Exercise directions — Begin with the line containing "8、如果说我们需要依次找到9", end with the last line of the records, and retype everything in between exactly, without the pictures.

Records shown —
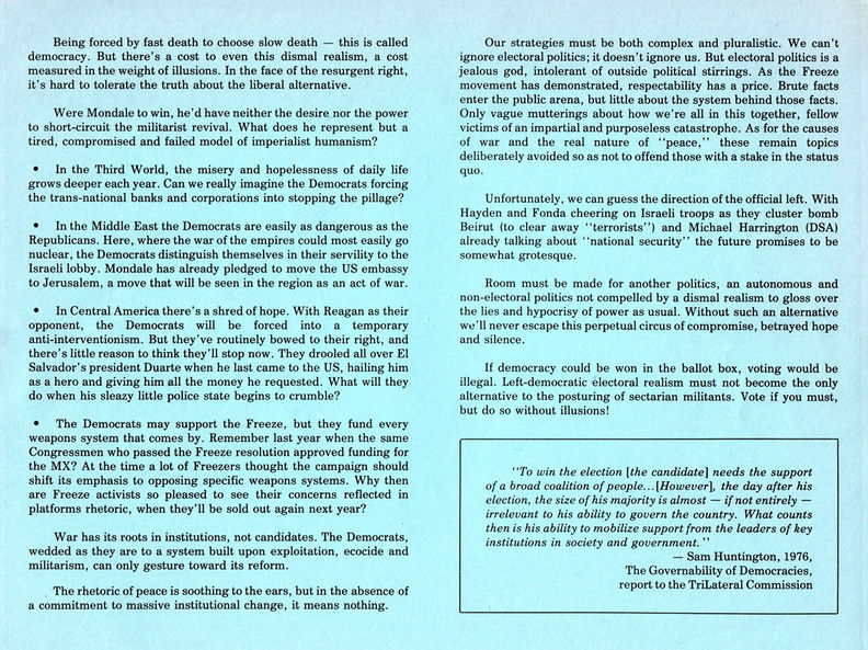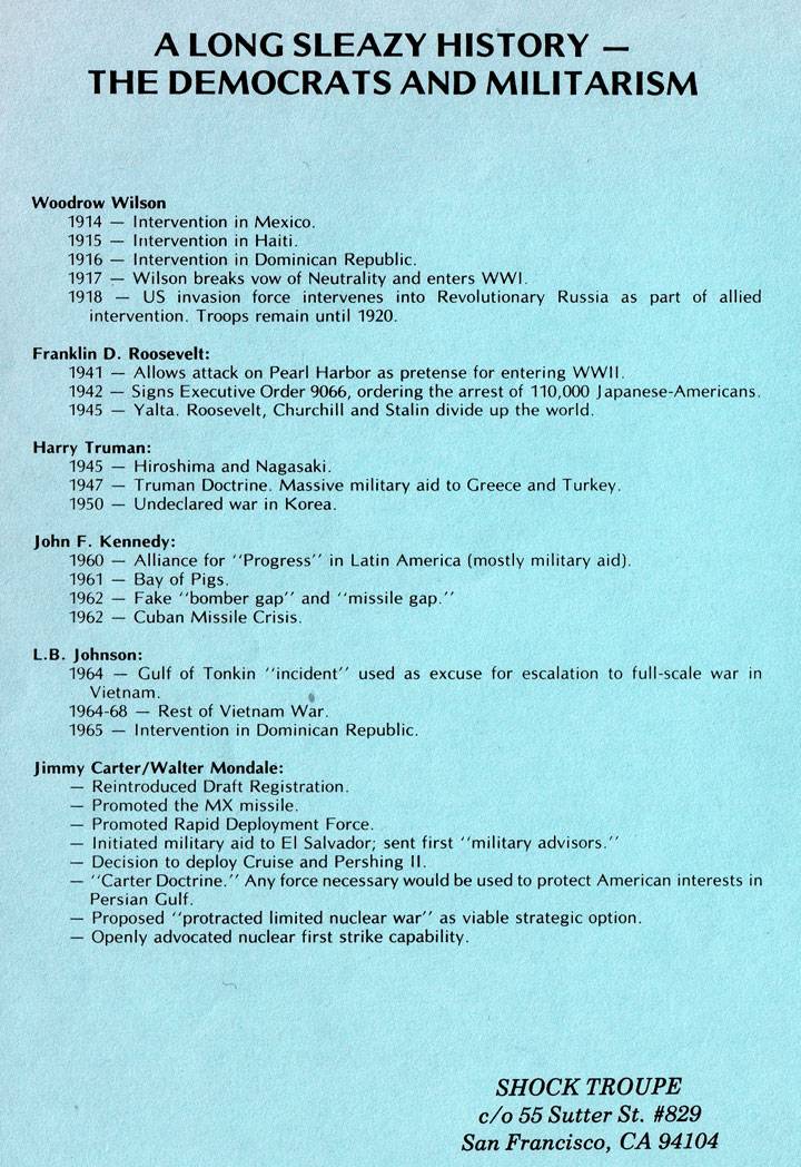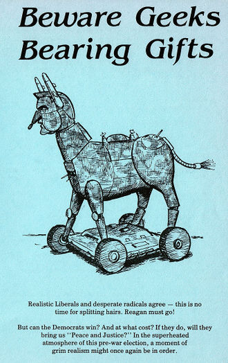 He was heartened to catch a glimpse of some friends from the End of the World's Fair prancing around a twelve foot high Trojan Donkey representing the Democratic Party. On one side some "civilians" fed the donkey ballots, money and a globe. Out the donkey's rear end, "soldiers" pulled out excreted missiles, tanks and skeletons. Others stayed at the perimeter of the skits and passed out a carefully written brochure for spectators titled "Beware of Geeks Bearing Gifts," with a hilarious cartoon of a hi-tech militarized Trojan Donkey with a Mondale face. The Kid found his people but was cursing himself for not being in Buzz's backyard on the weekend, helping him build this monster. The pamphlet was simple but radical, and aimed at a real audience: peace activists at the Democratic Party's periphery, never denying that Reagan's re-election would be particularly disastrous. The back of the pamphlet had a list of major military interventions and build-ups under Democratic administrations from Woodrow Wilson to Jimmy Carter. Buzz said the Donkey might show up again for the Rock Against Reagan concert on Thursday, if he wanted to help. . . . He began to look for people he knew, finally finding the Trojan Donkey crew.
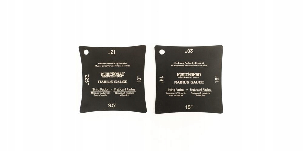 MusicNomad Set Precision Radius Daties Set 2 Pack 2 допоможе вам виміряти дошку та радіус шиї вашої гітари. Він пропонує точні вимірювання, які легко читати завдяки інноваційній чорній обробці на відміну від глибоко подрібнених білих маркувань. Преміум -на нержавіюча сталь з полірованими гладкими краями в поєднанні з лазерними номерами та гарантіями тексту років використання. Унікальна конструкція мюзиклів у чорному покритті полегшує перевірити, чи штрихи струни порівняно з традиційними заходами срібної сталі. Здатність вимірювати радіус дошки та рядків є важливим кроком у процесі регулювання. Точний Nomad Music Radius Gauge Music переповнений функцією та перевагами. Точні вимірювання (7,25 ", 9,5", 10 ", 12", 14 ", 15", 16 ", 20") і легко зробити інструкції щодо лічильника, надаючи впевненість, що ви будете робити свою роботу належним чином. Виготовлений з нержавіючої сталі відповідно до тих же високих стандартів, що і всі продукти MusicNomad.
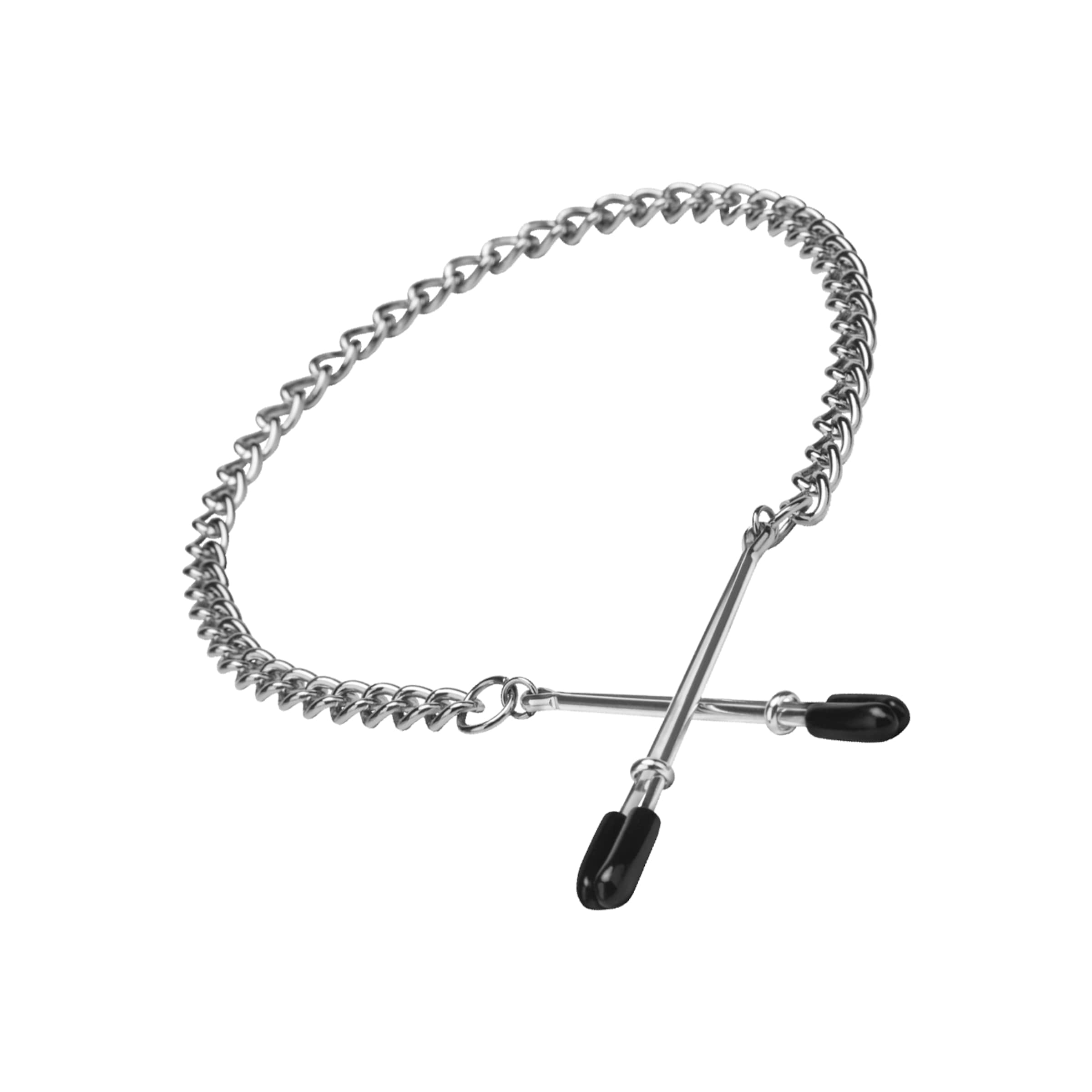 Ces pinces sont doublées d'un revêtement en caoutchouc blanc pour un contact agréable. Une pression sur l'extérieur ouvre les pinces. Le ressort assure une stimulation intense de vos mamelons. La chaîne de connexion devient un atout visuel et peut accentuer la stimulation lorsqu’on tire doucement dessus.
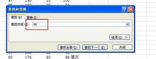 8、如果说我们需要依次找到98分,一个个找或者一次性全部修改为99,那么我们在查找中输入98
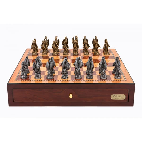 Dal Rossi Italy Red Mahogany Finish chess box with compartments 18″ with Dragon Pewter Chessmen
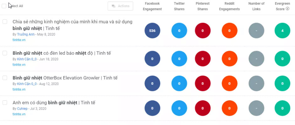 The results are all existing articles on the computer on the topic of "thermos flasks", with the amount of interaction of articles so you can decide which content to choose and do better than they do. are going to be.
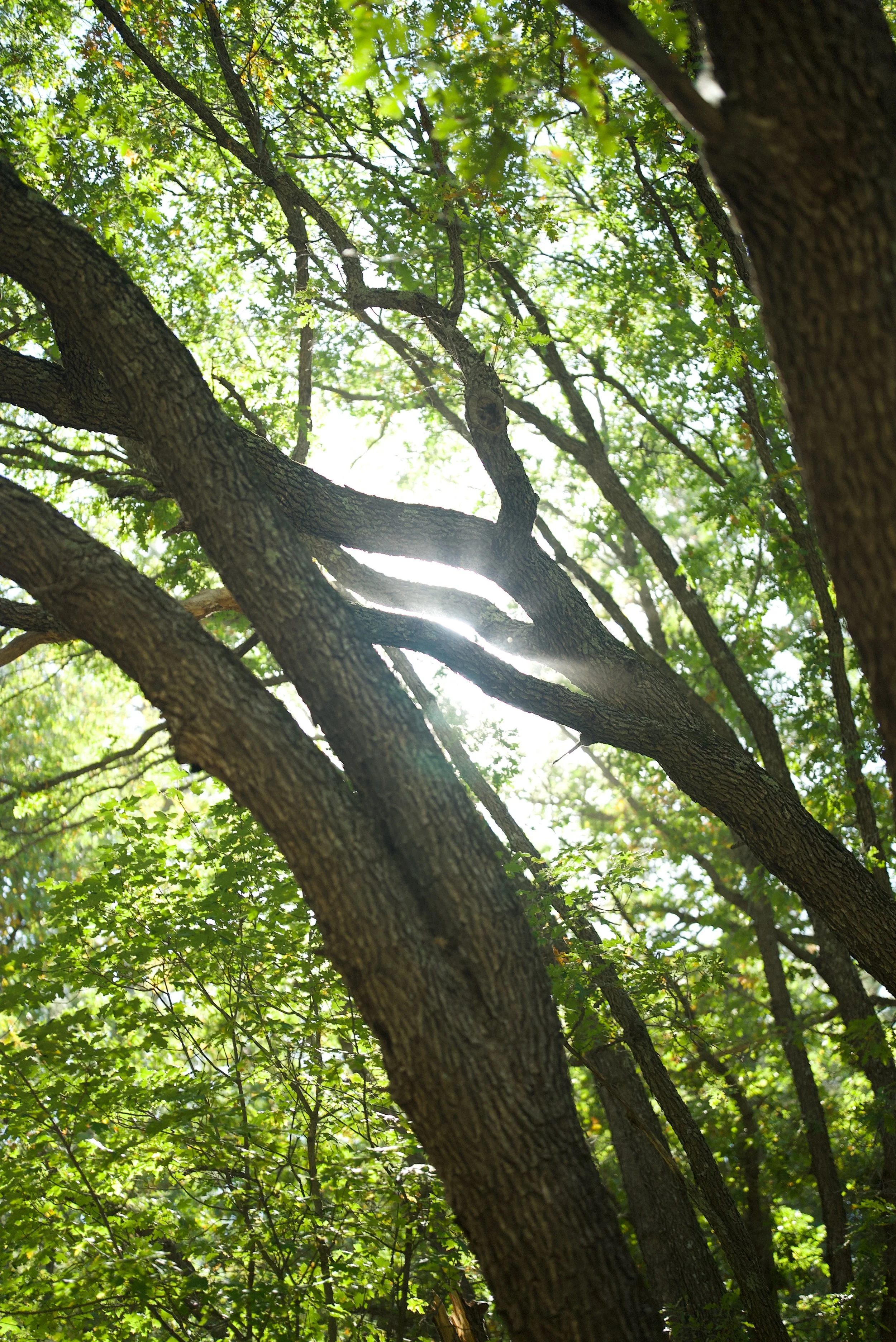 Sunlight shining through the green leafy branches of tall trees in a forest.

Answer to this task —
 8、如果说我们需要依次找到98分,一个个找或者一次性全部修改为99,那么我们在查找中输入98
 Dal Rossi Italy Red Mahogany Finish chess box with compartments 18″ with Dragon Pewter Chessmen
 The results are all existing articles on the computer on the topic of "thermos flasks", with the amount of interaction of articles so you can decide which content to choose and do better than they do. are going to be.
 Sunlight shining through the green leafy branches of tall trees in a forest.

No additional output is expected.